Males and females were comparable for age, education, vascular burden, and neuropsychiatric symptoms. Males scored worse at global cognitive tests, executive functioning, and independence scales. MEP latency was significantly longer in males, from both sides, as well CMCT and CMCT-F from the left hemisphere; a lower SICI at ISI of 3 ms from the right hemisphere was also found. After correction for demographic and anthropometric features, the effect of sex remained statistically significant for MEP latency, bilaterally, and for CMCT-F and SICI. The presence of diabetes, MEP latency bilaterally, and both CMCT and CMCT-F from the right hemisphere inversely correlated with executive functioning, whereas TMS did not correlate with vascular burden.
We confirm the worse cognitive profile and functional status of males with mild VCI compared to females and first highlight sex-specific changes in intracortical and cortico-spinal excitability to multimodal TMS in this population.
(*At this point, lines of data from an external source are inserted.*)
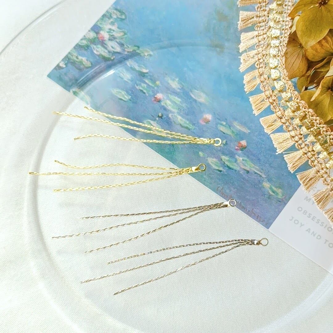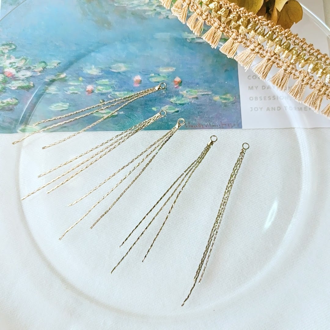 【4個】3連 チェーンタッセル 蛇腹チェーン ロング チャーム ゆらゆら アクセサリーパーツ ハンドメイド MP024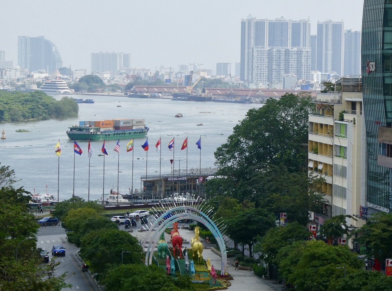 Un petit porte containers sur la rivière Saïgon (vu depuis l’Appartement Café)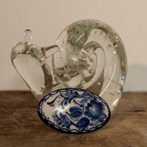 Blue and White Russian Brooch (Dealer 17), Glass Snail Paperweight (SOLD)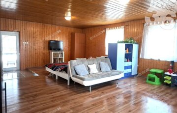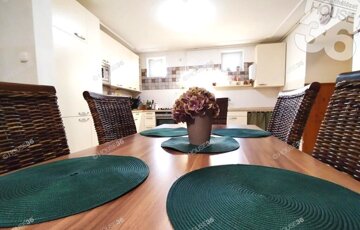 Különlegessége a közel 50 m2-es lambériázott nappali, amiből nyílik a kertre néző hátsó fedett terasz.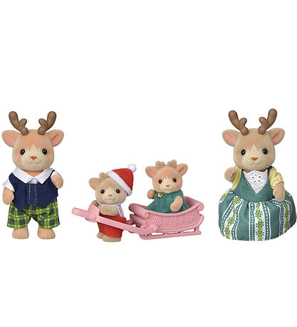Cute Sylvanian Families toy figurine in the shape of the Reindeer family, which consists of father, mother and two babies, who are all light brown reindeer and in fine clothes. A little sleigh is included, in which the two babies can sit and be pulled by mother or father.

This points to some TMS measures as potential markers of cognitive impairment, as well as targets for new drugs and neuromodulation therapies.
血管性认知障碍(VCI)风险患者的性别差异与未来痴呆之间的关系仍存在争议。经颅磁刺激(TMS)用于评估皮质兴奋性和潜在的神经传递通路,但缺乏轻度 VCI 男性和女性之间的直接比较。
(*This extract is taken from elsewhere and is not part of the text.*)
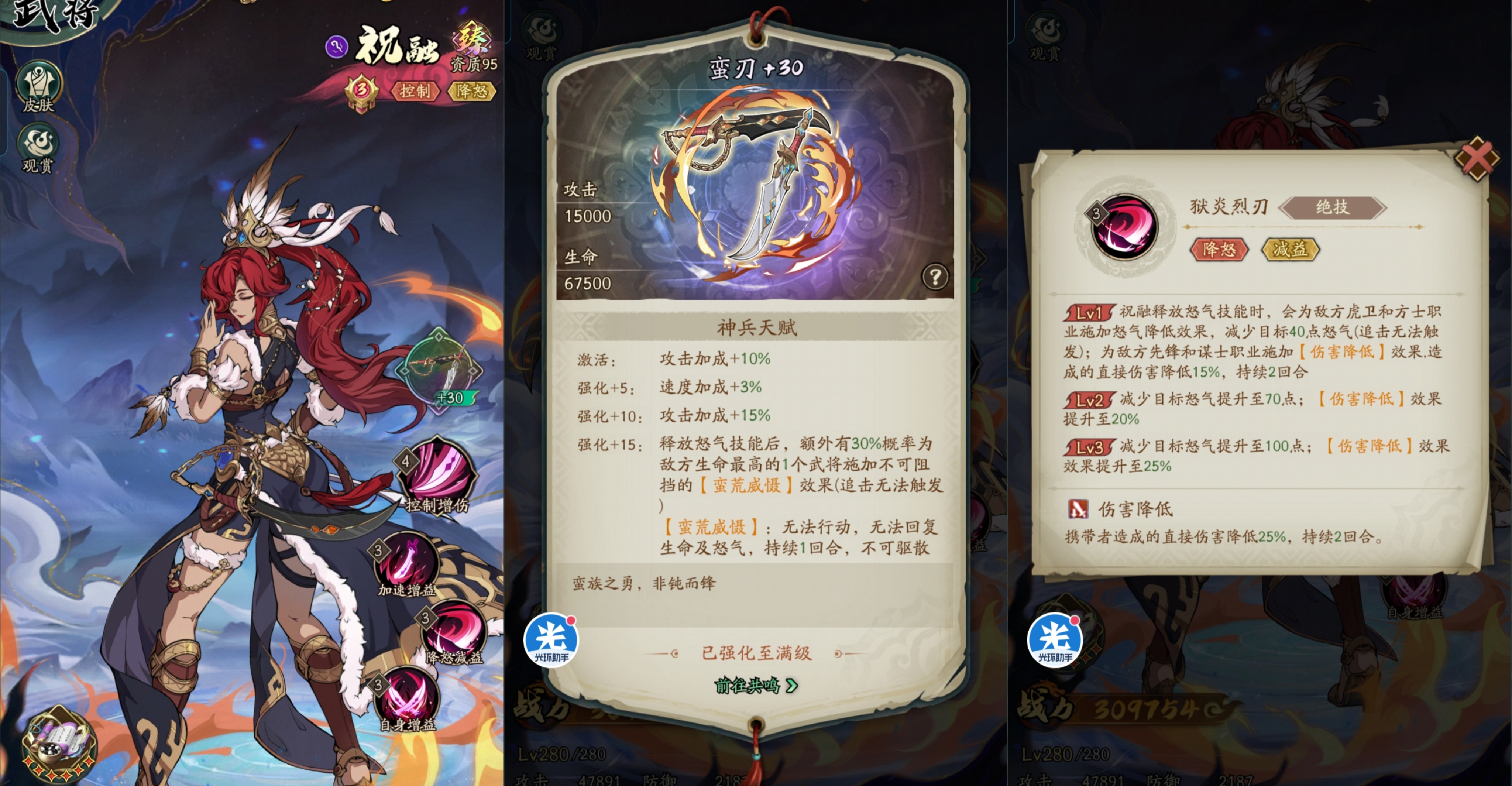 祝融对速度的要求比较高,先手释放技能很重要给敌人挂负面和控制很重要。

60 名患者(33 名女性)接受了临床、心理病理学、功能和 TMS 评估。感兴趣的测量指标包括:静息运动阈值、运动诱发电位潜伏期(MEPs)、对侧静息期、幅度比、中央运动传导时间(CMCT),包括 F 波技术(CMCT-F)、短程皮质内抑制(SICI)、皮质内易化和短潜伏期传入抑制,在不同的刺激间隔(ISIs)下。
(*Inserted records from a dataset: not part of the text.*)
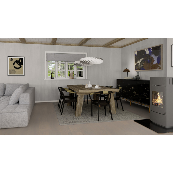 Eik Horizon 181 mm plank har en røykgrå, varm tone som understreker følelsen av ro. Det gjør rommet til det perfekte stedet å roe ned etter en travel dag. Plankene på 181 mm understreker perspektivet i rommet og fremhever den naturlige trefølelsen. Børstingen fremhever trestrukturen og gjør gulvet godt og behagelig å gå på. Live Pure er en innovativ overflateteknologi som gir BOEN-gulvene en ubehandlet og ultramatt finish. Overflaten ser naturlig matt ut, samtidig som den er svært motstandsdyktig mot flekker, søl og UV-lys. Et eikegulv som er behandlet med Live Pure formidler et inntrykk av nyskåret treverk i sitt naturlige miljø. Husk matchende gulvlister for å skape helhet og et eksklusivt utseende. Limfritt og sikker legging med 5G Click system. Velegnet for gulvvarme og nordisk klima.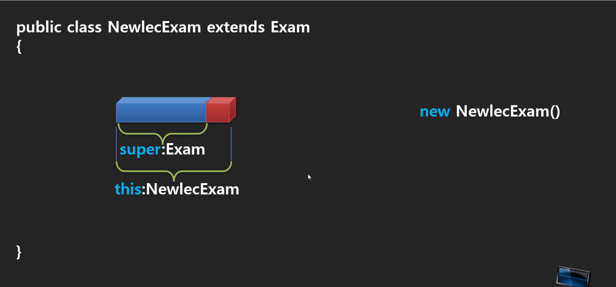 아래를 메모리라고 했을 때, Exam e = new NewExam()으로 생성한다면 파란색 부분만 참조하게 되는 것이다.
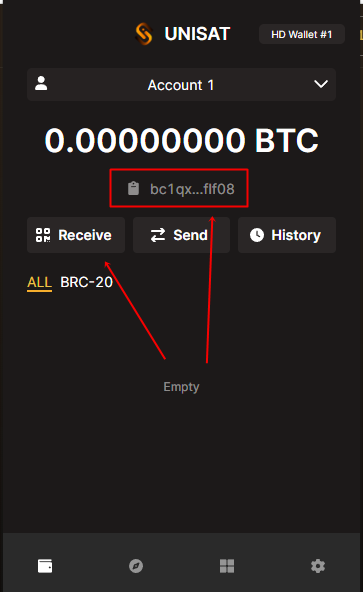 3.Copy Address from your wallet & Deposit $BTC for Gas /Trade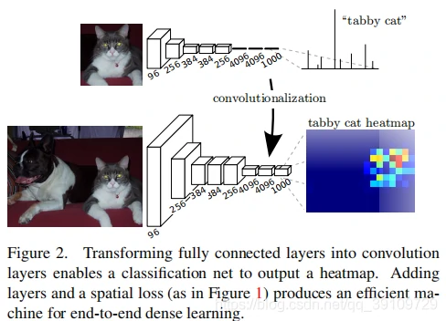 典型的识别网络、包括 LeNet、AlexNet 以及更深的卷积模型都是接受固定大小的输入,得到非空间的输出。因为全连接层的存在使得这些网路丢弃了特征图的空间信息。然而,全连接层也可以看成是一种特殊的卷积层,相当于这些“卷积层”的卷积核覆盖整个特征空间。所以可以将 FC 层转化为 Conv 层使得它们可以接受任意尺寸的输入、并输出对每个像素的分类结果。这种转换如 Fig02 所示:

男性和女性在年龄、教育、血管负担和神经精神症状方面具有可比性。男性在总体认知测试、执行功能和独立性量表上的得分更差。男性双侧 MEP 潜伏期明显较长,左侧 CMCT 和 CMCT-F 以及右侧 CMCT 和 CMCT-F 也较长;还发现右侧 3ms ISI 时 SICI 较低。在对人口统计学和人体测量特征进行校正后,性别对 MEP 潜伏期、双侧以及 CMCT-F 和 SICI 的影响仍然具有统计学意义。存在糖尿病、双侧 MEP 潜伏期以及右侧 CMCT 和 CMCT-F 与执行功能呈负相关,而 TMS 与血管负担无关。
我们证实了与女性相比,轻度 VCI 男性的认知和功能状态更差,并且首次强调了该人群中多模态 TMS 对内皮质和皮质脊髓兴奋性的性别特异性变化。这表明一些 TMS 测量值可能是认知障碍的潜在标志物,也是新药物和神经调节治疗的靶点。